Collision Avoidance Control for a Two-wheeled Vehicle under Stochastic Vibration using an Almost Sure Control Barrier Function

TL;DR

This paper introduces a safety-critical control law for a two-wheeled vehicle that guarantees collision avoidance with probability one under stochastic vibrations, validated through experiments.

Contribution

It develops an almost sure safety control method using stochastic control barrier functions tailored for two-wheeled robots under irregular disturbances.

Findings

The control law ensures safety with probability one.

Experimental validation confirms effectiveness under vibration disturbances.

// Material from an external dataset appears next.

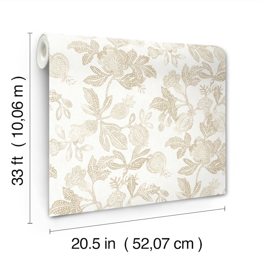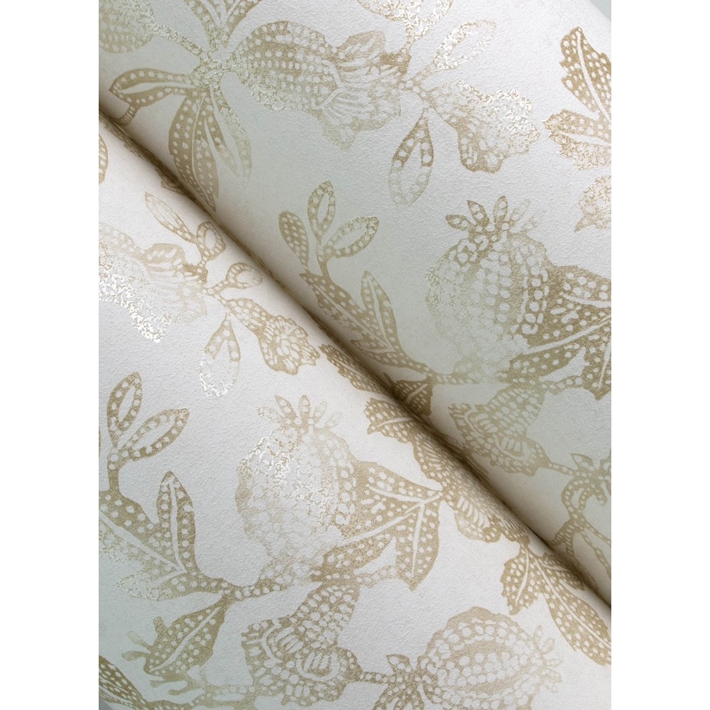 Beachside florals and fruits are artistically recreated as gorgeous trail wallpaper, inked in shades of pale, pearlescent gold and embellished with stippled detailing and tactile finishes. Beach Rose is an unpasted, non woven wallpaper measuring 20.5 inches wide by 33 feet long, covering approximately 56.4 square feet per roll.

The approach incorporates 2D LiDAR measurements for system modeling.

Abstract

In recent years, many control problems of autonomous mobile robots have been developed. In particular, the robots are required to be safe; that is, they need to be controlled to avoid colliding with people or objects while traveling. In addition, since safety should be ensured even under irregular disturbances, the control for safety is required to be effective for stochastic systems. In this study, we design an almost sure safety-critical control law, which ensures safety with probability one, for a two-wheeled vehicle based on the stochastic control barrier function approach. In the procedure, we also consider a system model using the relative distance measured by a 2D LiDAR. The validity of the proposed control scheme is confirmed by experiments of a collision avoidance problem for a two-wheeled vehicle under vibration.